I personally feel that the paxil is not causing me to gain weight, but not having to worry about what type of food I'm eating and/or at what time of day I'm eating is the culprit. After 21 years of having IBS-D, I have been given a get out of jail free card. I went from a too thin 185 pounds to 219 pounds (about 12-14 pounds heavier then my target). But I would gladly make the weight for IBS-D trade any day of my life.David


----------



## MDN (Mar 14, 2003)

Jetfan- Did you try any other antidepressants for IBS-D besides Paxil? I am on Lexapro and it isn't strong enough so we are either going with an older TCA like Elavil or Pamelor, and if not..another SSRI..which will be the Paxil.After reading these posts it almost makes me want to skip the TCA trial and jump onto Paxil!


----------



## Jetfan20 (May 31, 2003)

I did try elavil, it did nothing for my IBS-D, but it made me exhausted andzombie like. Paxil worked on my IBS-D right away, but I did have to deal with some side effects like sweating, waking up in the middle of the night but the side effects went away within a month. I would definitly try paxil, it has been a miracle for me.


----------



## snickers32471 (Dec 5, 2003)

As soon as I started taking Paxil, my IBS-D when away. Before Lotronex came along, I didn't have a life. It was filled with constant bathroom anxiety to the point where I couldn't even go food shopping. When Lotronex was taken off the market, my world was shattered. I had to find something else that would help me! Finally, someone else that I worked with who had severe IBS-D suggested I try Paxil. What a miracle I thought it was!Since trying Paxil, I have some side effects like night sweats (I'm drenched when I get up in the morning) and weight gain (25 pounds). But you know what, I'll take the weight gain and the sweating over the horrible IBS-D anyday!!!! I am currently waiting for cilestron to become available and when it does, I'm going to ween myself off of Paxil and try it. However, ,I will be happy with the normalness "Paxil" will provide me until that time. Good Luck!!!


----------



## BRking (Sep 3, 2003)

dear all paxel users i'm IBS-D;I just got a trial pack of paxil today from my doc.all you guys give me the confidence that it"ll work so i can have a life for a change ! by the way how much is the dosage that helped you on paxil? i'm starting at 20 mg. GOOD LUCK TO ALL. BRKING


----------



## susaloh (Dec 28, 2002)

I'm not on Paxil but on Elavil which is also supposed to cause lots of weight gain. I was a bit worried because I had read about people gaining 20 pounds and more. My weight had been 100% stable for years, in fact I had been unable to put on more weight but as soon as I started the Elavil I put on 4 pounds in three weeks without eating any more. I couldn't believe how fast this happened, but then I intervened. I thought, IBS forced me to stick to such a strict diet, I should be able to cope with this, too. I played around with my nutrition a bit and realised that perhaps due to the sedating effect of the Elavil, I needed less calories. But not so much less as I had thought!
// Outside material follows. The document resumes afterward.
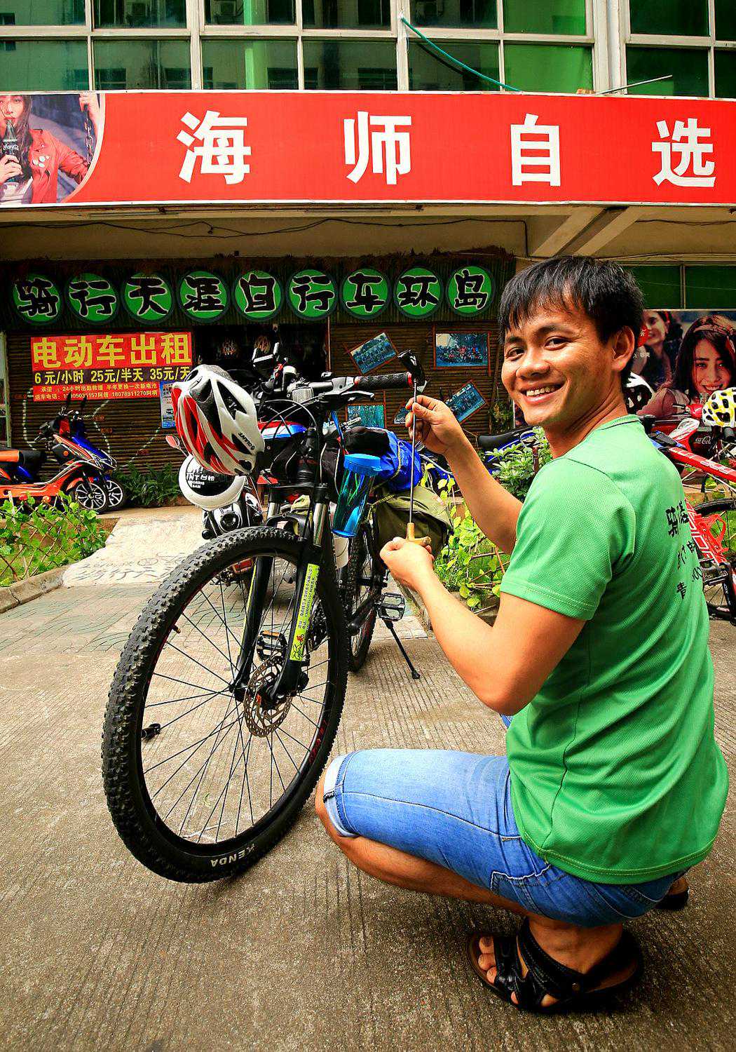 到达海囗,直奔骑行天涯自行车环岛租车店,办理租车事宜。
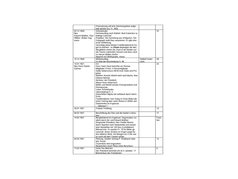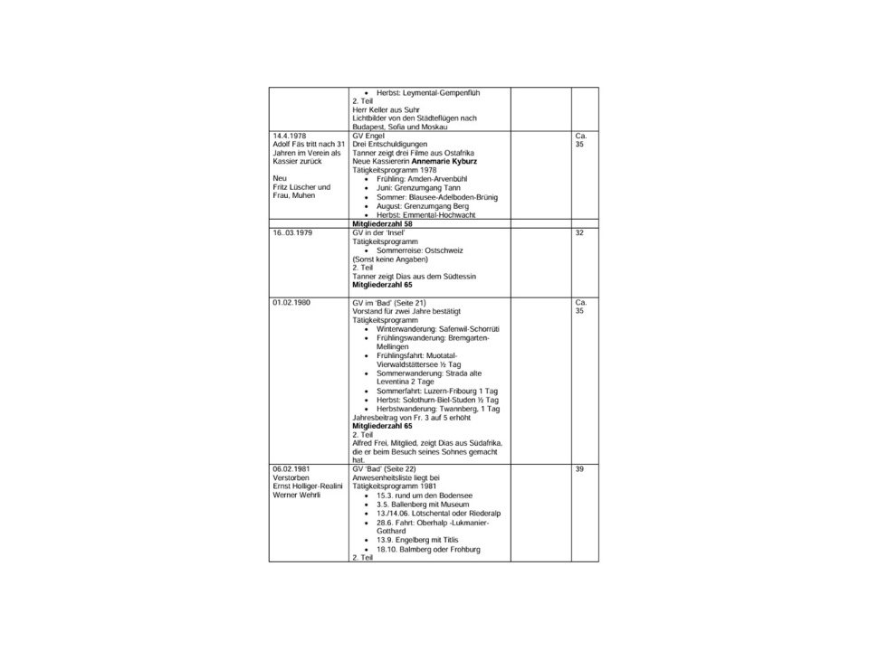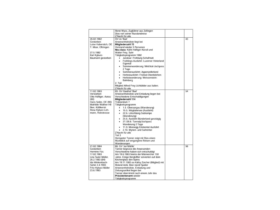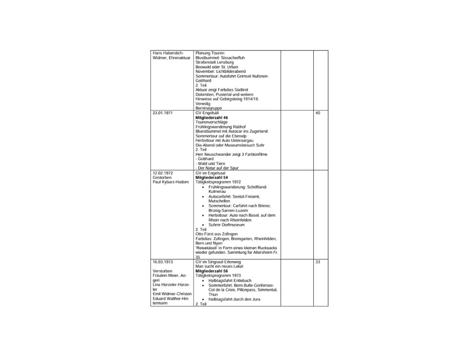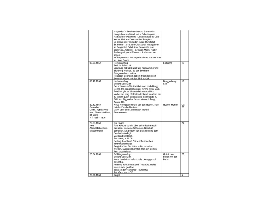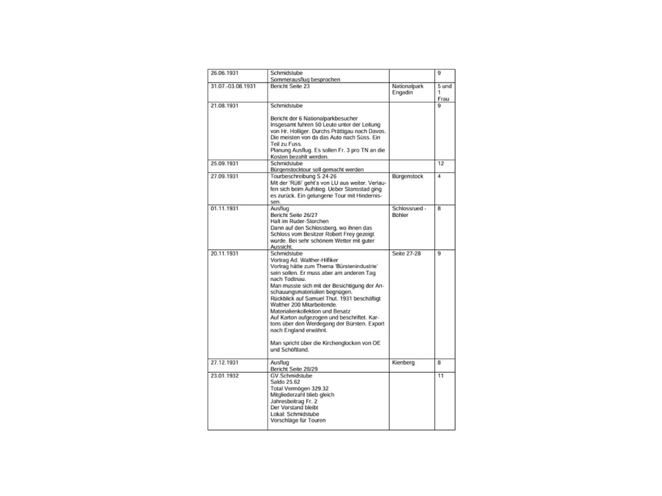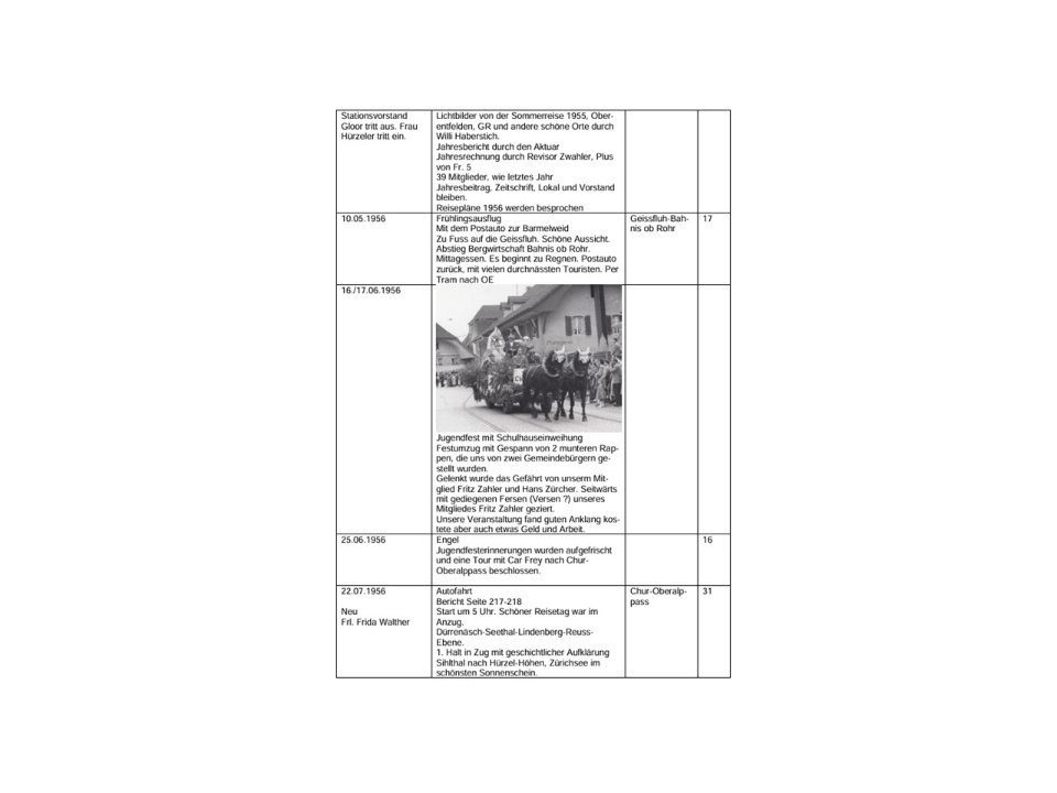 Am 11.1. wird das Stück – zusammen mit den Töchtern – nochmals gespielt, da die Kosten noch höher sind als die Einnahmen. Eintritt Fr. 1.00. Leider wird nicht detailliert über die Veranstaltungen berichtet.

So I cut down on sweets. I also started to do more exercise more seriously and I use my bike to go to places whenever I can. Well, my weight has been stable again, though 4 pounds above my old weight, but I used to be too thin and now it feels just right. And I'm still eating some sweets!Though perhaps I should add that I'm on a low dosage (25mg), perhaps it's harder when you're taking more!Susaloh


----------



## leslie204 (Feb 1, 2003)

When I first started Paxil one and a half years ago my IBS-D disapeared completely. Then, the colonic effect wore off about 3 months later. I have stayed on the Paxil because it is a wonderful med for my depression. My doctor explained that Paxil itself does not cause the weight gain, it makes your appetite increase. My question for some of you now is how much Paxil do you take to help your IBS? I take 30 mg. and am wondering if increasing my dosage will help. Leslie


----------



## 16331 (Dec 14, 2005)

Paxil gave me Anxiety Attacks at night, has anyone else had this. I was on 10 mg, and doing fine, but then I was tweaking it, to 12.5 , then 20mg on my own, then back to 10 mg. You think that had anything to do with the severe Panic Anxiety attack I had one night, worst in my life.


----------



## 17038 (Jul 18, 2006)

Does anyone know if Paxil is good for people with IBS-C?


----------



## 16331 (Dec 14, 2005)

Could some one pls answer my question from above please.


----------



## 17038 (Jul 18, 2006)

CVOOR: I just started taking Paxil. I took my first pill last night. The doctor gave me 20mg, but I'm thinking I should have cut the pill in half and only taken that, because last night I also woke up with what felt like the beginning of a panic attack. Luckily I was able to calm myself down, and now I'm just kind of shaky, and I can't sleep. So I'm thinking 10mg is probably better. Maybe you should stay on 10mg a while longer.


----------



## 14244 (May 28, 2006)

I just starting taking paxil in July too. I started at 12.5 and then after a week doubled it to 25. I found the 25mg has really helped me. I haven't had any real side effects except the feeling of being tired. I still find myself feeling tense. My IBS-C is much better. I am still having problems with my weak stomach spinter and get acid refux a lot. I also take prevacid with sometimes helps. I also went to a dietian who put me on a high fiber and protein diet which is really helping the C.I don't know how long I need to stay on the paxil? My GI specialist said some people take up to 60 mg but I don't plan on going that high.


----------



## 16331 (Dec 14, 2005)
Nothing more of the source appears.